Jesus loves me

Wir stellen Ihnen jede Woche junge, talentierte Fotografen vor. Diesmal: Michael Englert, der Menschen bei ihren Begegnungen mit Gott begleitet hat.


Name:
Michael Englert
Geboren: 1981 in Heidelberg
Ausbildung: Studium Kommunikationsdesign mit Schwerpunkt Fotografie an der FH Dortmund, derzeit Diplom bei Prof. Susanne Brügger
Website: www.michael-englert.com

Herr Englert, Ihre fotografische Arbeit "Christians", die wir hier vorstellen, porträtiert gläubige Menschen. Wie gläubig sind Sie selber? Und hat sich ihr Glauben verändert, nachdem sie diese Serie gemacht haben?
Ich komme aus einer teilweise sehr religiösen Familie, würde mich aber als Agnostiker bezeichnen. Die Begegnungen mit diesen Menschen und ihren Ansichten hat mich aber weder gläubiger noch atheistischer gemacht. Ich würde mir wünschen, glauben zu können, nicht nur wegen meiner Angst vor dem Tod. Aber vermutlich muss Glauben von innen heraus kommen.

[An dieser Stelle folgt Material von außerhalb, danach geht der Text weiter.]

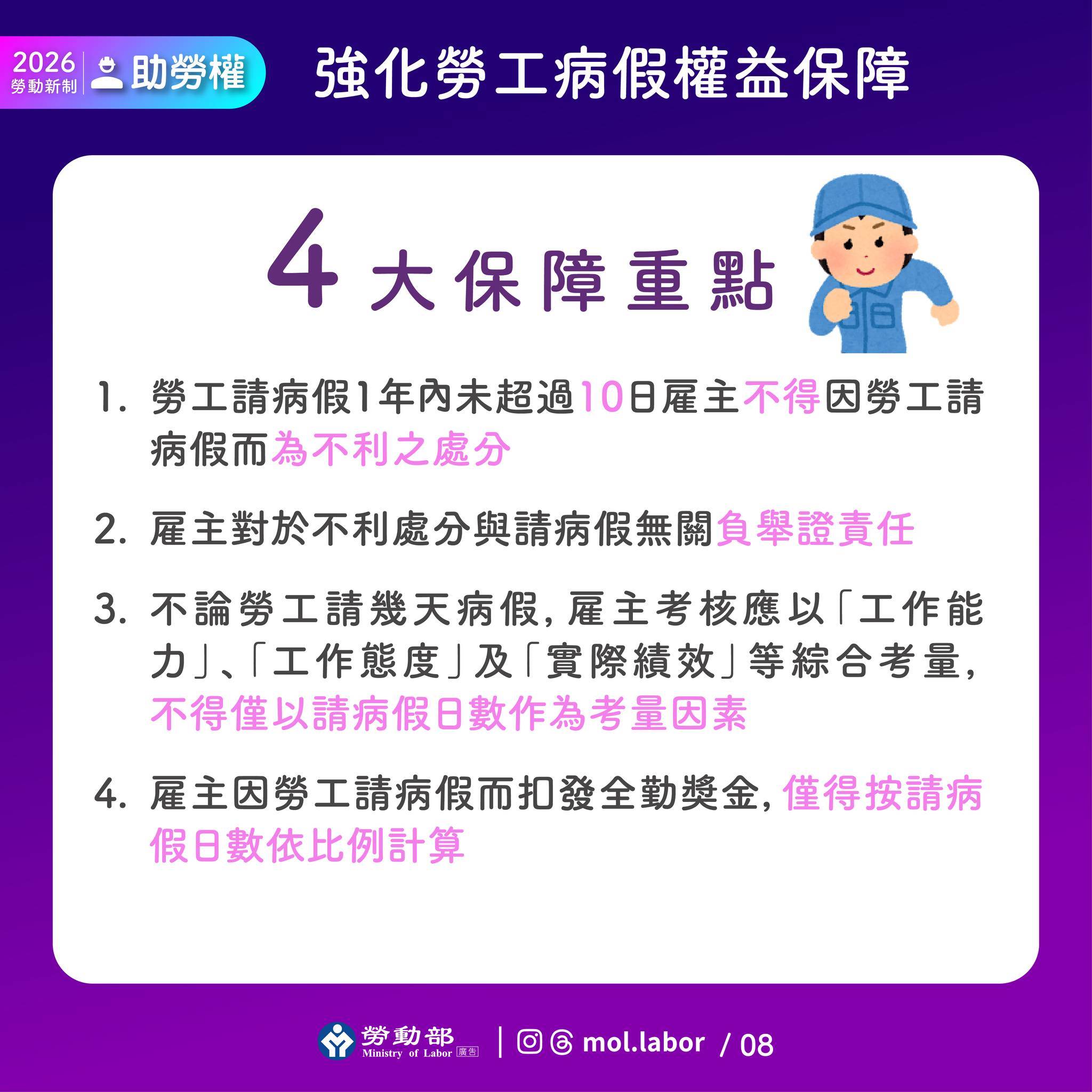 因空服員抱病上工事件引發社會關注,勞動部修正《勞工請假規則》,2026年起,勞工一年內請病假未超過10天,雇主不得解僱、降調、減薪或影響考績。若發生爭議,舉證責任將由雇主承擔,全勤獎金也只能「按比例扣」,不能一刀全砍,違規最高可罰100萬元。

Wie hat sich die Idee zu den Bildern weiterentwickelt?
Ursprünglich hatte ich 2005 für eine Seminararbeit ein paar Priester fotografiert, daraus entstand dann die Idee, auch situative Bilder zu machen, während einer Messe oder einer Taufe. Ich wollte die verschiedensten christlichen Strömungen fotografieren, von den Jesus Freaks bis zu den Katholiken. Aus heutiger Sicht denke ich, dass ich vor allem mit den Gläubigen zusammensein wollte, weil ich ein Bedürfnis hatte, über Gott zu reden, ihn zu suchen. Die Fotos sind dann aus dem Gespräch entstanden.

Meistgelesen diese Woche:

Wer sind diese Menschen und wie haben sie auf Sie reagiert?
Sie sind Glaubensangehörige unterschiedlicher christlicher Gemeinden, Priester evangelischer und katholischer Landeskirchen aber auch Anhänger von Freikirchen, Jesus Freaks, Adventisten und Heilsarmee. Alle berufen sich auf die Bibel - aber haben unterschiedliche Auslegungen. Viele haben sich über die Fotos gefreut, weil das Thema ja medial auch nicht mehr so wahrgenommen wird.

Gab es auch Glaubensrituale, die Sie sonderbar fanden?
Das war 2005, als ich meinen Onkel, einen ehemaliger Pastor einer freikirchlichen Gemeinde, auf eine Rumänien-Reise begleitet habe. Dort wurde eine Suppenküche für die Kinder der in Slums wohnenden Roma und Sinti eingerichtet und gemeinsame Gottesdienste gefeiert. Während einer Messe wurde ich Zeuge eines Rituals namens "Slain in the Spirit", übersetzt etwa: Ruhen im Geist. Dabei legt der Priester den Anwesenden die Hand auf die Stirn, worauf einige die Kraft in den Beinen verlieren, zusammensacken, minutenlang liegenbleiben und angeblich nicht wieder aufstehen können. Manche Kinder haben angefangen zu weinen, wirkten sehr aufgewühlt, es war eine unglaublich emotionale Stimmung. Wie ich später nachgelesen habe, gibt es einige umstrittene Praktiken, vor allem bei evangelikalen Christen, wie zum Beispiel Zungenreden und Heilungsgottesdienste, bei denen angeblich Gliedmaßen nachwachsen.

Die Menschen wirken alle seltsam weich und verklärt, aber nicht wirklich glücklich. Was hat das alles Ihrer Meinung nach mit Glauben zu tun?
"Seltsam weich" finden Sie? Das habe ich bisher noch nicht gehört. Vielleicht wirken die Menschen vor meiner Kamera immer so? Ich habe versucht unvoreingenommen, auch etwas naiv an das Thema ranzugehen, aber dann am Ende vielleicht die etwas verklärteren, skurrileren Bilder ausgewählt. Ich denke, die Wahrnehmung ist sehr subjektiv. Aus meiner Sicht wirken manche Menschen auf den Bildern auch glücklich. In den Gottesdiensten habe ich sie sehr demütig erlebt und finde, Nichtreligiöse könnten an ihrer demütigen Seite arbeiten, sie öfter zeigen. Wenn Sie darauf hinauswollen, dass Gläubige auch nicht glücklicher sind, dann kann ich das zum Teil bestätigen. Aber ich bin mir sicher, dass die meisten insofern glücklicher sind, weil sie leichter sterben, nicht so sehr am Leben festhalten. Das können viele Altenpfleger bestimmt bestätigen, die kennen den Unterschied vom Sterben eines Gläubigen und dem eines Atheisten.